With all the other news of the last few days, it’s been easy to overlook the release last Friday of the first read (of three soundings that will be released in the near term) the nation got on U.S. economic growth in the third quarter. That’s unfortunate because these data on the gross domestic product (GDP) continued to be distorted by sizable fluctuations generated by President Trump’s recent trade policy moves. As a result, the outlook for future growth looks especially cloudy, and that goes double for the odds that its recent acceleration from the crummy rates so far during the current economic recovery can continue.
The impact of trade-generated short-term noise is clear from the change seen in the U.S. trade deficit between the second and third quarters. In inflation-adjusted terms (the GDP measure that’s most widely followed) during that period, the shortfall dropped by 6.80 percent, from $902.4 billion on an annualized basis to $841.0 billion. That was the biggest sequential decrease since the fourth quarter of 2013 (9.24 percent).
But in the third quarter, the real trade gap rebounded to $939.0 billion – its all-time highest (besting the previous record of $932.5 billion in the third quarter of 2006, during pre-financial crisis days). In addition, the quarterly increase of 11.65 percent was the biggest since the 13.18 percent during the second quarter of 2010 – during the early stages of the current economic recovery.
What’s been going on? As widely reported, both American exporters and importers have been rushing shipments of goods to each other’s markets in order to beat the tariffs at home and abroad that have been actually imposed or threatened. During the second quarter, the biggest rush was made by U.S. exporters – their shipments overseas jumped by 3.21 percent quarter-to-quarter on an annualized basis. That was the biggest surge since the 3.93 percent annualized rise in the fourth quarter of 2013. That’s largely why the trade deficit narrowed.
During the third quarter, at least according to these preliminary figures, goods exports fell back by 1.79 percent – their worst performance since the 2.44 percent decline registered in the first quarter of 2015. Hence, in part, the rebound in the trade deficit. (Again, all these numbers and those in the next paragraph are annualized.)
On the merchandise import front, U.S. purchases of foreign goods in the second quarter stayed pretty flat sequentially – which also contributed to the trade shortfall’s improvement. But in the third quarter, goods imports advanced by 2.48 percent – the biggest such rise since the fourth quarter of 2017 (3.37 percent).

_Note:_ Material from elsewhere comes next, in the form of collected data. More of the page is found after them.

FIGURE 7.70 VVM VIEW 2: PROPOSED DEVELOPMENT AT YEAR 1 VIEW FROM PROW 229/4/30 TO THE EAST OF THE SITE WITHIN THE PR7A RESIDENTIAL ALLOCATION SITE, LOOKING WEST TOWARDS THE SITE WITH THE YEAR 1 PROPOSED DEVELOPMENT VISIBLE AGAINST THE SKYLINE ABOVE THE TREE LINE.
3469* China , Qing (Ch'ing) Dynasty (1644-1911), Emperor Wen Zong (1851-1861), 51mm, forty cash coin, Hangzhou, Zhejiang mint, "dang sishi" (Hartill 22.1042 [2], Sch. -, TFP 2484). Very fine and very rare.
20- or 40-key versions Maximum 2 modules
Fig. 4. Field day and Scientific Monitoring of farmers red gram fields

At the same time, as just indicated, these fluctuations have been multi-year highs, not multi-decade highs. So even though the data were noisy, they weren’t epic-ally noisy, or even close.

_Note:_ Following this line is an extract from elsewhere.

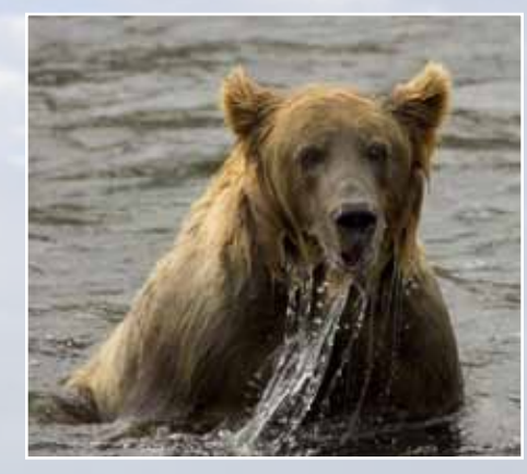
"Our level of scientific accountability must be higher in these times of increased expectations...all employees, not just biologists, must be well-versed in science."

While we acknowledge the challenges, we recognize and affirm the primary role science plays in all of our work. Our commitment to scientific excellence permeates and transcends the Refuge System. We demonstrate this commitment by applying relevant science to all aspects of refuge management,

More epic was the bite from after-inflation growth taken by the higher trade deficit in the third quarter. It chopped fully 1.78 percent points off the 3.46 percent annualized increase. That’s the highest such toll in absolute terms since the 1.91 percentage points taken from growth in the third quarter of 1985! But the picture looks much less dramatic if you measure this growth loss as a share of the actual growth.
During the third quarter, the trade bite amounted to 51.44 percent of that growth. But that’s only the biggest such figure since the fourth quarter of 2016, when the sequential increase in the trade deficit subtracted 75.43 percent (1.32 percentage points) of that period’s 1.75 percent annualized constant dollar growth.

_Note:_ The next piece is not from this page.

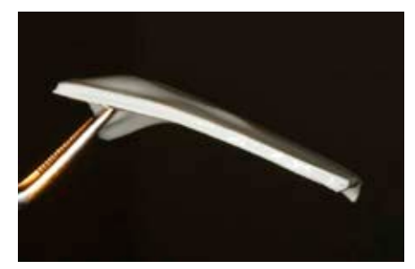
4. OSSIX Volumax (25x30mm) after hydration in sterile saline.

All the same, for the time being, the trade drag on cumulative after-inflation growth over the course of the entire economic recovery is up again. As of the second quarter, it had cost the economy 10.77 percent of its cumulative growth – or $363.7 billion. The third quarter numbers reveal the trade hit at 13.05 percent of cumulative growth – or $461.7 billion.
Moreover, the growth lost during the recovery because of the increase of the Made in Washington trade deficit remains much greater. This gauge measures inflation-adjusted trade flows minus sectors (services and oil) still generally unaffected by trade agreements and related policy decisions.
The latest data are from the second quarter, but they show a Made in Washington trade drag of 18.01 percent on cumulative real recovery growth – which translates into $608.12 billion worth of foregone expansion The next set of monthly U.S. trade data, slated to come out on Friday, will provide the first look on the third quarter statistics.
Some more perspective can be gleaned from the price-adjusted trade deficit’s share of the price-adjusted gross domestic product on a stand-still basis. It’s definitely on the upswing – reaching 5.03 percent as of the third quarter. That’s the highest level since just before the financial crisis-induced ensuing Great Recession struck – during the third quarter of 2007, when the share hit 5.23 percent.
The only consolations identifiable are that overall economic growth today is faster than it was eleven years ago, and that it’s still possible that the real trade deficit’s share of GDP, and the size of the trade drag, will settle down once the trade noise goes away. Not that hope will be the test of Mr. Trump’s trade policy success.